→ Data excerpt:
################
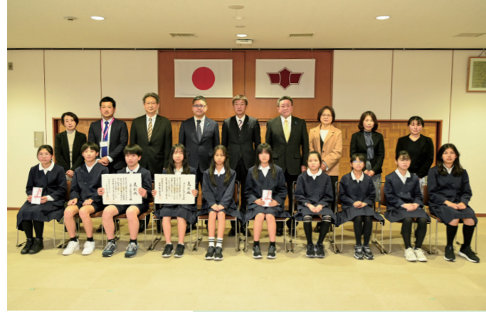
功績たたえる 小浜市教育委員会表彰 地域連携の学習に功績のあった西津小学校 6 年生と中名田小学校 5・6 年生を表彰（市庁舎・2月26日）
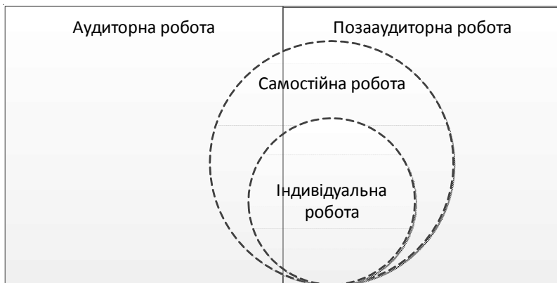
Рис. 1. Співвідношення обсягів суміжних педагогічних категорій

Звернімось до аналізу змісту та обсягу вказаних та споріднених понять у нормативно-правових актах. Пункт 3.9 Положення називає деякі різновиди індивідуальних завдань (далі – ІЗ): реферати, розрахункові, графічні, курсові, дипломні проекти або роботи. Цей пункт також розкриває специфіку цієї форми, зазначаючи, що ІЗ «виконуються студентом самостійно при консультуванні викладачем. Допускаються випадки виконання комплексної тематики кількома студентами» [3]. Останнє речення вказує, що нормативні акти уникають притаманного педагогічній теорії
################
→ Work to be completed:
Please return the full listing word for word, but without any pictures.

→ Response for this exercise:
功績たたえる 小浜市教育委員会表彰 地域連携の学習に功績のあった西津小学校 6 年生と中名田小学校 5・6 年生を表彰（市庁舎・2月26日）
Рис. 1. Співвідношення обсягів суміжних педагогічних категорій

Звернімось до аналізу змісту та обсягу вказаних та споріднених понять у нормативно-правових актах. Пункт 3.9 Положення називає деякі різновиди індивідуальних завдань (далі – ІЗ): реферати, розрахункові, графічні, курсові, дипломні проекти або роботи. Цей пункт також розкриває специфіку цієї форми, зазначаючи, що ІЗ «виконуються студентом самостійно при консультуванні викладачем. Допускаються випадки виконання комплексної тематики кількома студентами» [3]. Останнє речення вказує, що нормативні акти уникають притаманного педагогічній теорії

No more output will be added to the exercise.